= EXERCISE DIRECTIONS =
What's needed: every entry, printed exactly, minus the images.
BEGIN RECORDS FOR THE EXERCISE
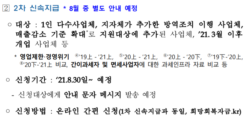 제일 중요한 것은 2차 신속지급 대상자입니다. 이 글을 보고 계신 대부분은 2차 신속지급 대상자에 속해있을 것이라 생각됩니다.
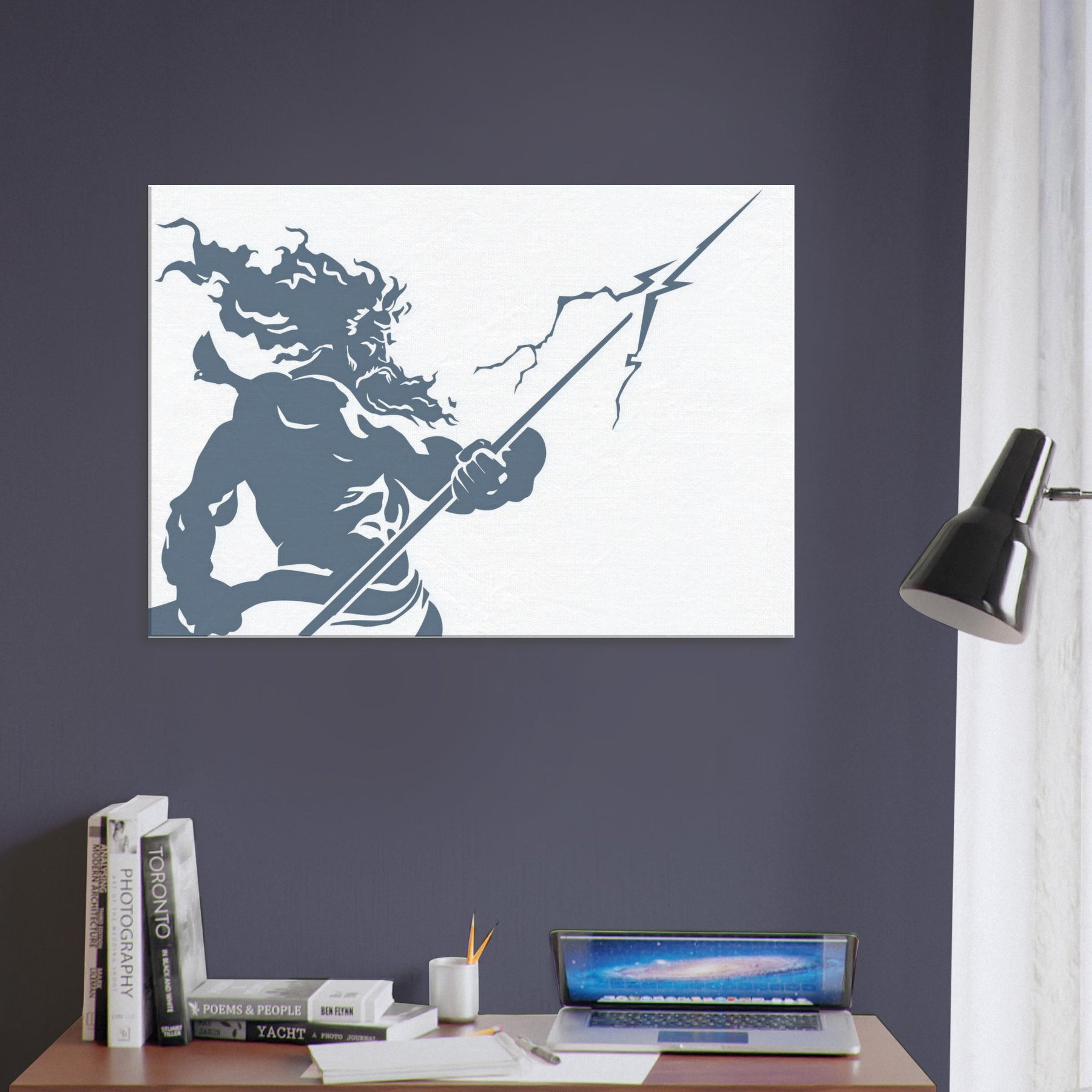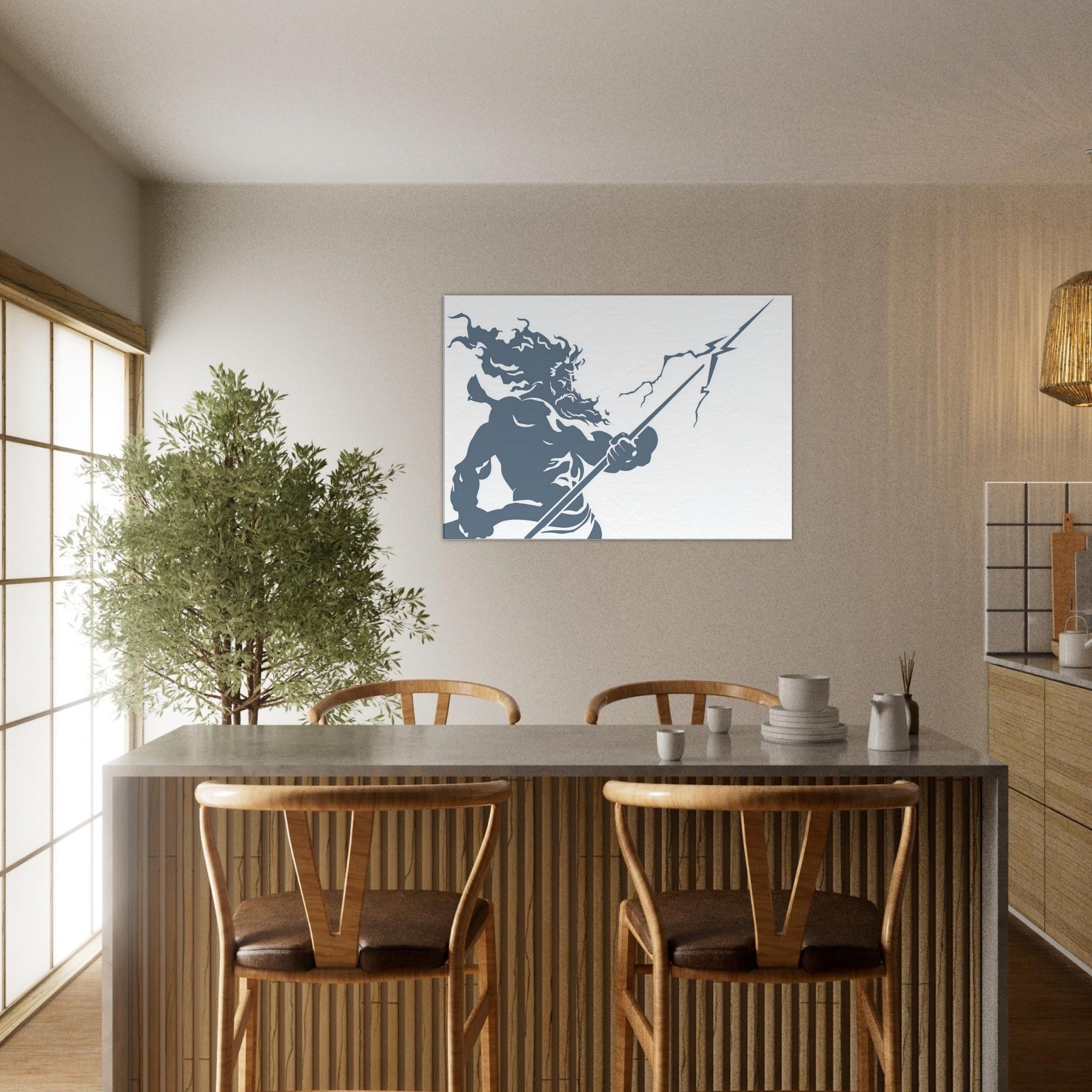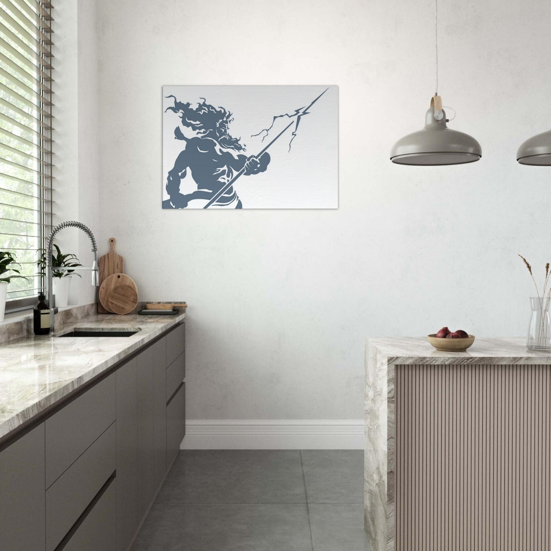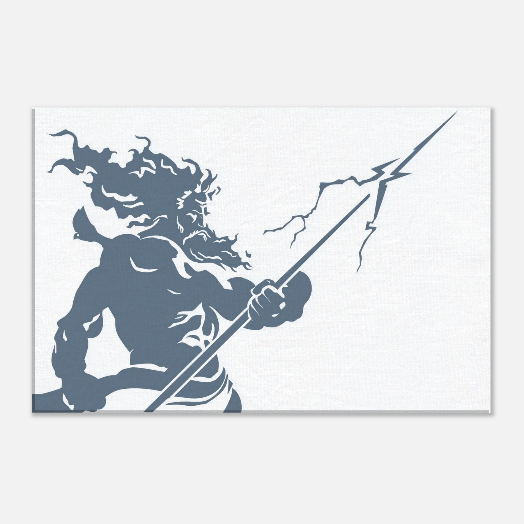 Zeus appears in stark, flowing line work, a mighty silhouette commanding storm and sky. The piece evokes thunder in a single, continuous gesture the helm of power, the bolt held aloft, wind curling around Herculean shoulders. The cool slate blue palette breathes calm into a room while remaining charged with mythic energy. Hang this centerpiece to awaken a living space: drama at eye level, atmosphere of ancient Olympus, and a contemplative, modern edge that pairs with minimal furniture and soft textures. The central subject is Zeus, God of Thunder and Sky.
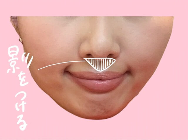 鼻下の距離が長くてのっぺりしている、上唇にボリュームが欲しい、顔にメリハリが欲しい方は人中短縮メイクを取り入れてみても楽しいかもしれません♡
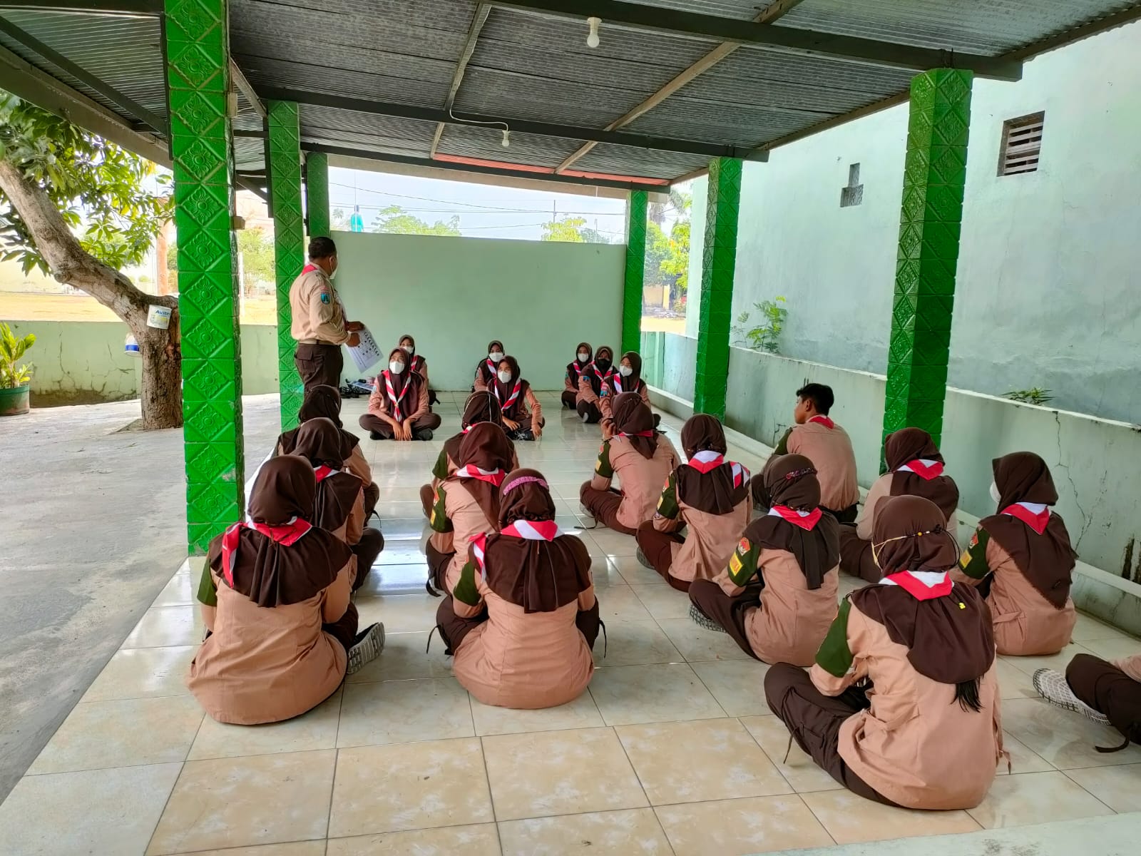 MAGETAN. Anggota Pramuka Saka Wira Kartika Pangkalan Koramil Tipe B 0804/08 Barat melaksanakan pembinaan dan latihan rutin yang di sampaikan langsung oleh Pamong Saka Wira Kartika Pelda Suroto anggota Ramil Tipe B 0804/08 Barat, Kodim 0804/ Magetan, Sabtu (16/10/2021).
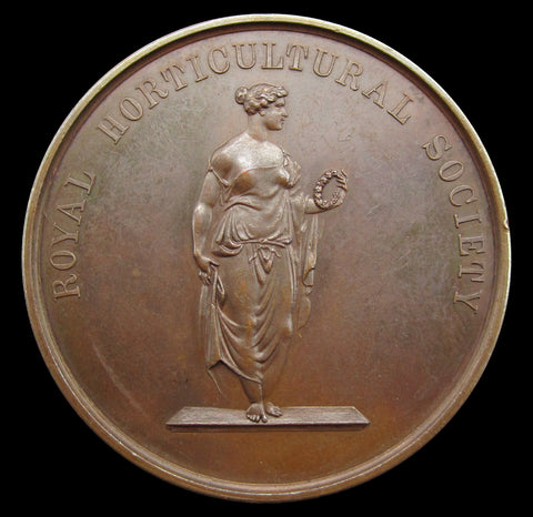 Obverse with bespectacled and draped bust of Dr John Lindley F.R.S. Reverse with female figure standing upon platform, holding a wreath. Edge reads 'To Sir William Lawrence, For Snowdrops, 11 March 1930'.
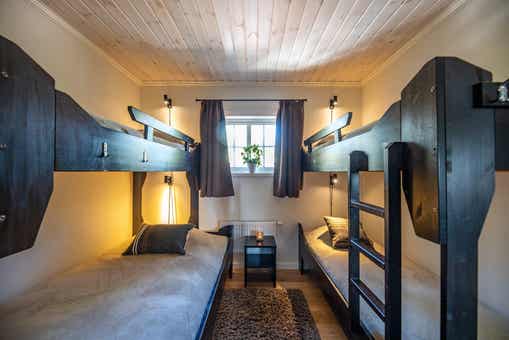 Slaapkamers:Slaapkamer-1 = 1 tweepersoonsbed 180 cm breed. Slaapkamer-2 = 1 tweepersoonsbed 180 cm breed. Slaapkamer-3 = 2 eenpersoonsbedden 90 cm breed. Slaapkamer-4 = 1 stapelbed met onderbed 120 cm breed, 1 stapelbed met onderbed 90 cm breed en bovenbed. Slaapkamer-5 = 1 stapelbed met onderbed 120 cm breed, 1 stapelbed met onderbed 90 cm breed en bovenbed.
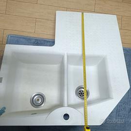 Vendo per cambio cucina, lavello 2 vasche angolare con gocciolatoio in fragranite della Franke Il lavello é usato e si vende con la formula visto é piaciuto, dal momento che le foto corrispondono al reale stato di fatto. Prezzo trattabile
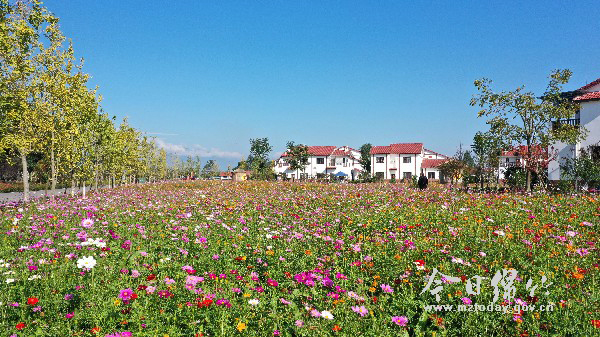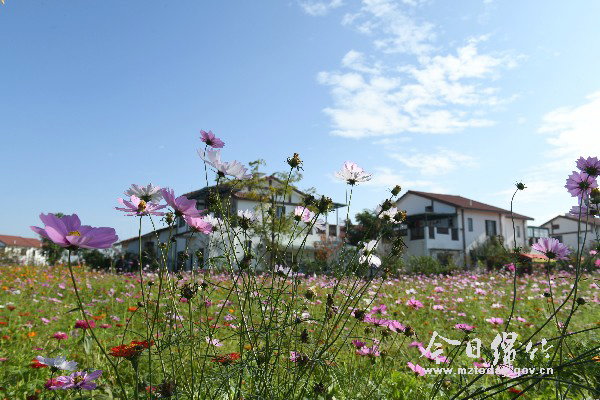 在孝德镇年俗村,与农房相邻的这20多亩花圃中,盛开着格桑花、硫华菊 、醉蝶花、金盏菊等10多个品种的鲜花。目前这些花开得正艳,为深秋的乡村增添了勃勃生机。这是10月29日,记者在年俗村拍摄的鲜花盛开的场景。
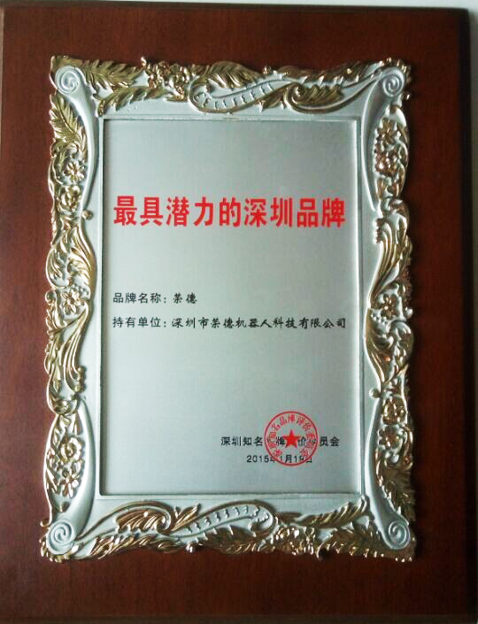 作為行業(yè)內(nèi)唯一獲得深圳知名品牌的深圳本土民族品牌,深圳市榮德機(jī)器人科技有限公司自創(chuàng)立以來,一直非常注重品牌建設(shè)工作,并成功導(dǎo)入卓越績效管理模式,并于2013年獲得了“廣東省名牌產(chǎn)品”的榮譽(yù)稱號,成為行業(yè)內(nèi)第一家獲此殊榮的領(lǐng)軍企業(yè)。借此獲得深圳知名品牌之際,榮德機(jī)器人將狠抓產(chǎn)品質(zhì)量,為響應(yīng)習(xí)總書記三個轉(zhuǎn)變的重要思想將中國機(jī)器人民族品牌做大做強(qiáng),為振興民族工業(yè)、提升民族品牌、替代進(jìn)口品牌作出企業(yè)應(yīng)盡的努力。
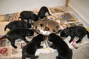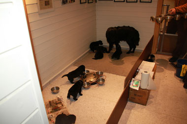 30.12.15. Trolla fikk mat fra skål alle samtidig i går. Det gikk faktisk lettere en jeg hadde trodd. De stod med litt hjelp som perler på en snor. Så nå er det mat samlet videre. Vi åpner valpekassen enda mer også i dag så de får større plass :-) Her er alle som spiser så er detLennox og Max
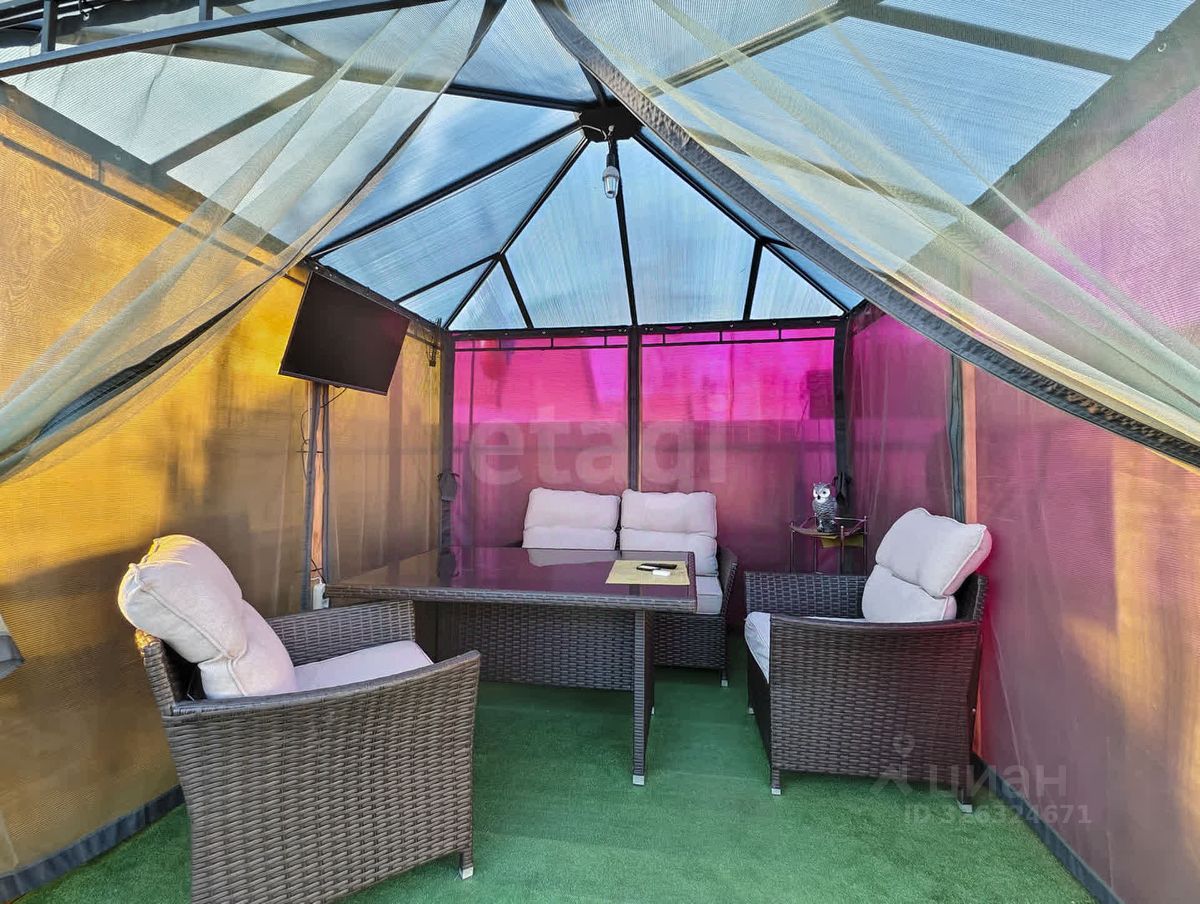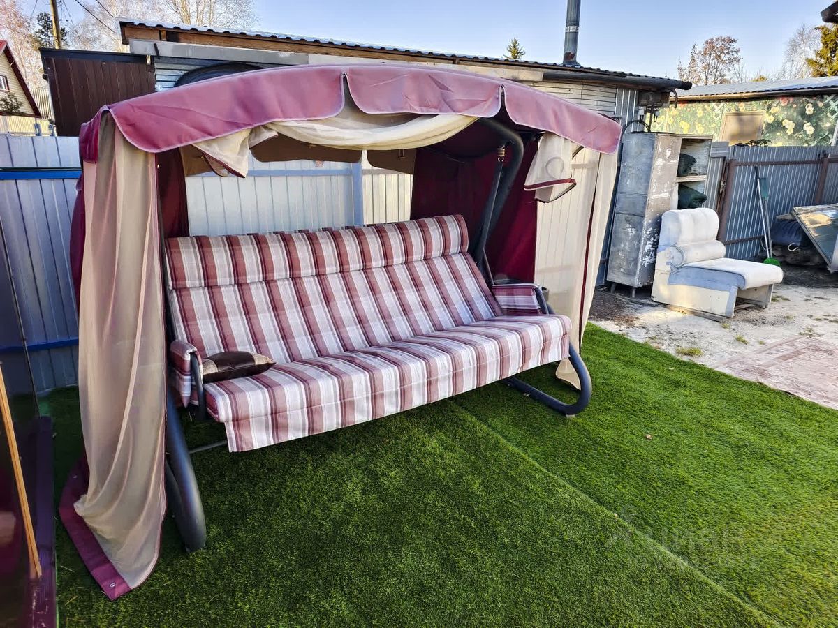 Организована приятная зона для отдыха с качелью и шатром.
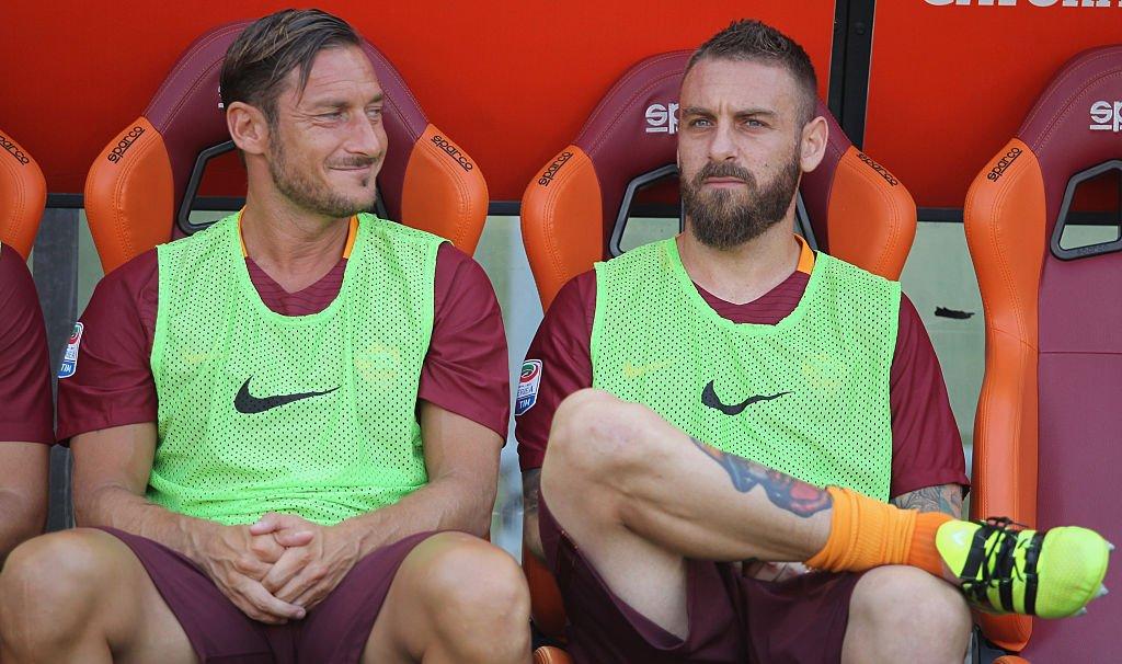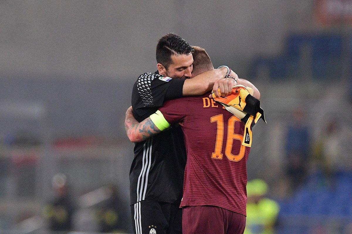 托蒂成为替补在板凳上观战,罗马场上队长德罗西击败布冯,为球队进球。这是队长和队长之间的对话,也是意大利世界杯冠军一代的对话。
END RECORDS FOR THE EXERCISE
= YOUR SOLUTION =
 제일 중요한 것은 2차 신속지급 대상자입니다. 이 글을 보고 계신 대부분은 2차 신속지급 대상자에 속해있을 것이라 생각됩니다.
 Zeus appears in stark, flowing line work, a mighty silhouette commanding storm and sky. The piece evokes thunder in a single, continuous gesture the helm of power, the bolt held aloft, wind curling around Herculean shoulders. The cool slate blue palette breathes calm into a room while remaining charged with mythic energy. Hang this centerpiece to awaken a living space: drama at eye level, atmosphere of ancient Olympus, and a contemplative, modern edge that pairs with minimal furniture and soft textures. The central subject is Zeus, God of Thunder and Sky.
 鼻下の距離が長くてのっぺりしている、上唇にボリュームが欲しい、顔にメリハリが欲しい方は人中短縮メイクを取り入れてみても楽しいかもしれません♡
 MAGETAN. Anggota Pramuka Saka Wira Kartika Pangkalan Koramil Tipe B 0804/08 Barat melaksanakan pembinaan dan latihan rutin yang di sampaikan langsung oleh Pamong Saka Wira Kartika Pelda Suroto anggota Ramil Tipe B 0804/08 Barat, Kodim 0804/ Magetan, Sabtu (16/10/2021).
 Obverse with bespectacled and draped bust of Dr John Lindley F.R.S. Reverse with female figure standing upon platform, holding a wreath. Edge reads 'To Sir William Lawrence, For Snowdrops, 11 March 1930'.
 Slaapkamers:Slaapkamer-1 = 1 tweepersoonsbed 180 cm breed. Slaapkamer-2 = 1 tweepersoonsbed 180 cm breed. Slaapkamer-3 = 2 eenpersoonsbedden 90 cm breed. Slaapkamer-4 = 1 stapelbed met onderbed 120 cm breed, 1 stapelbed met onderbed 90 cm breed en bovenbed. Slaapkamer-5 = 1 stapelbed met onderbed 120 cm breed, 1 stapelbed met onderbed 90 cm breed en bovenbed.
 Vendo per cambio cucina, lavello 2 vasche angolare con gocciolatoio in fragranite della Franke Il lavello é usato e si vende con la formula visto é piaciuto, dal momento che le foto corrispondono al reale stato di fatto. Prezzo trattabile
 在孝德镇年俗村,与农房相邻的这20多亩花圃中,盛开着格桑花、硫华菊 、醉蝶花、金盏菊等10多个品种的鲜花。目前这些花开得正艳,为深秋的乡村增添了勃勃生机。这是10月29日,记者在年俗村拍摄的鲜花盛开的场景。
 作為行業(yè)內(nèi)唯一獲得深圳知名品牌的深圳本土民族品牌,深圳市榮德機(jī)器人科技有限公司自創(chuàng)立以來,一直非常注重品牌建設(shè)工作,并成功導(dǎo)入卓越績效管理模式,并于2013年獲得了“廣東省名牌產(chǎn)品”的榮譽(yù)稱號,成為行業(yè)內(nèi)第一家獲此殊榮的領(lǐng)軍企業(yè)。借此獲得深圳知名品牌之際,榮德機(jī)器人將狠抓產(chǎn)品質(zhì)量,為響應(yīng)習(xí)總書記三個轉(zhuǎn)變的重要思想將中國機(jī)器人民族品牌做大做強(qiáng),為振興民族工業(yè)、提升民族品牌、替代進(jìn)口品牌作出企業(yè)應(yīng)盡的努力。
 30.12.15. Trolla fikk mat fra skål alle samtidig i går. Det gikk faktisk lettere en jeg hadde trodd. De stod med litt hjelp som perler på en snor. Så nå er det mat samlet videre. Vi åpner valpekassen enda mer også i dag så de får større plass :-) Her er alle som spiser så er detLennox og Max
 Организована приятная зона для отдыха с качелью и шатром.
 托蒂成为替补在板凳上观战,罗马场上队长德罗西击败布冯,为球队进球。这是队长和队长之间的对话,也是意大利世界杯冠军一代的对话。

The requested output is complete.